__Supplied records__:
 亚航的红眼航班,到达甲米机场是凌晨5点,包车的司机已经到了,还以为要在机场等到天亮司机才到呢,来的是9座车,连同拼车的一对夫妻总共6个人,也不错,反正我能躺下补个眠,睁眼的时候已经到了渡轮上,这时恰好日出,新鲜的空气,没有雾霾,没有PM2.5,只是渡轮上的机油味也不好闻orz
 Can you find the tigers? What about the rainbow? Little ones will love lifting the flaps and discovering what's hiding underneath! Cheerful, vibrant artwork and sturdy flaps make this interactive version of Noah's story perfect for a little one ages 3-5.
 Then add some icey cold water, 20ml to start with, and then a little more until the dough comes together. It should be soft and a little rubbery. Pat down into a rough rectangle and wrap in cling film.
==
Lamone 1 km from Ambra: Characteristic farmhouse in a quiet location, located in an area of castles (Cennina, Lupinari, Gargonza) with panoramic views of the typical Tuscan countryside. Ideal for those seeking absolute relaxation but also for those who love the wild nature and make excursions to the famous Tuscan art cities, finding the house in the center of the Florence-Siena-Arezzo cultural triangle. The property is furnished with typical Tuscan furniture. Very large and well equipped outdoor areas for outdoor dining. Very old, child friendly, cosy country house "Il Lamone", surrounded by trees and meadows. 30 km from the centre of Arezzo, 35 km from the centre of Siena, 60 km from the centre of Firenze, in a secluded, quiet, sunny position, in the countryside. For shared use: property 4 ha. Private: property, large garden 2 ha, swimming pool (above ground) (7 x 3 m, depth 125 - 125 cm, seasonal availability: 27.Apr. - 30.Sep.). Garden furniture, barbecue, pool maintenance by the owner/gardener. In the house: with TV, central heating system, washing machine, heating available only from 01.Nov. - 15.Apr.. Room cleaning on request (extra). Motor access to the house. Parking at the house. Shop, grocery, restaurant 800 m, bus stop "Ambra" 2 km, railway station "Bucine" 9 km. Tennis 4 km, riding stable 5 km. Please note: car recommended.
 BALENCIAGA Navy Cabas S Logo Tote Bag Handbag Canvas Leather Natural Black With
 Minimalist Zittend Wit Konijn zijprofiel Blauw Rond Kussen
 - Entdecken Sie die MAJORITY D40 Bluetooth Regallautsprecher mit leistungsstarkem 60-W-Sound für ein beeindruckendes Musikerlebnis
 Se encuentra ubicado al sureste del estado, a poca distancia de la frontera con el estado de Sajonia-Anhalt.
==
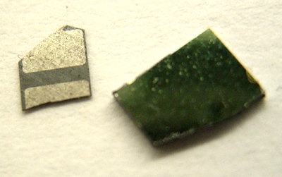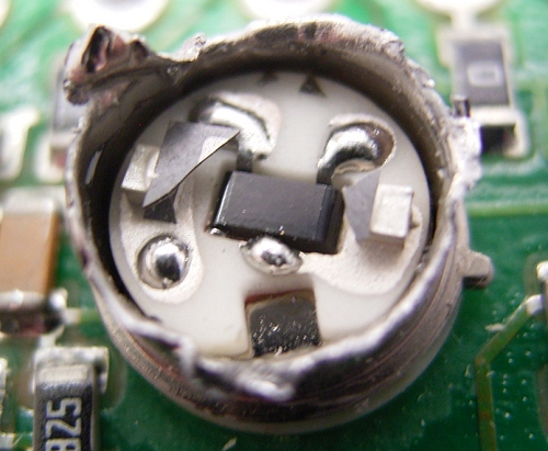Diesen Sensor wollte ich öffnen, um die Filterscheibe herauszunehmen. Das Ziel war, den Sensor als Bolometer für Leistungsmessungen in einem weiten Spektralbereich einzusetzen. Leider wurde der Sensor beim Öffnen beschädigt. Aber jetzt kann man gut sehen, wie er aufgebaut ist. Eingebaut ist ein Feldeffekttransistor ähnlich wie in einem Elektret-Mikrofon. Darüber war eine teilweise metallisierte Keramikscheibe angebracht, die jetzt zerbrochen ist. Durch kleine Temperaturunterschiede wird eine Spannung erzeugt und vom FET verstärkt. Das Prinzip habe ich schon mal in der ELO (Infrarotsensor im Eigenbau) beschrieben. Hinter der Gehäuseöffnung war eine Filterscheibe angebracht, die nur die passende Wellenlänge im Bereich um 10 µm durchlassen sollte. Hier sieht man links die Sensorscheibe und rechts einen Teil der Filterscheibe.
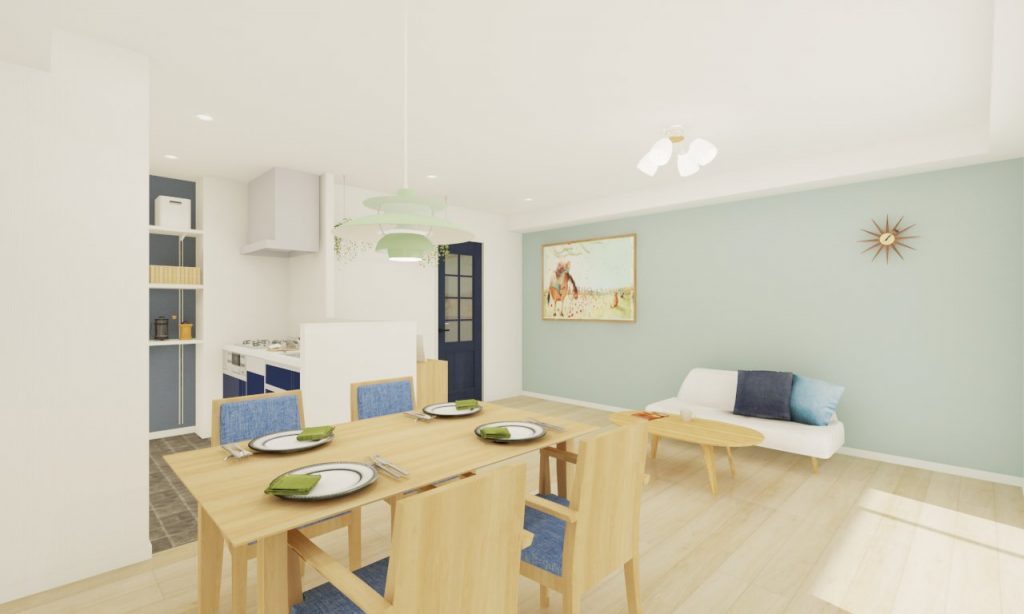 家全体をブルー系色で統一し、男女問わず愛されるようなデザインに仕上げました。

__What you will do__: What you return must be an exact retyping of the lines above starting at the line with "BALENCIAGA Navy Cabas" and ending at the line with "Se encuentra ubicado", and nothing besides.

__Finished exercise__:
 BALENCIAGA Navy Cabas S Logo Tote Bag Handbag Canvas Leather Natural Black With
 Minimalist Zittend Wit Konijn zijprofiel Blauw Rond Kussen
 - Entdecken Sie die MAJORITY D40 Bluetooth Regallautsprecher mit leistungsstarkem 60-W-Sound für ein beeindruckendes Musikerlebnis
 Se encuentra ubicado al sureste del estado, a poca distancia de la frontera con el estado de Sajonia-Anhalt.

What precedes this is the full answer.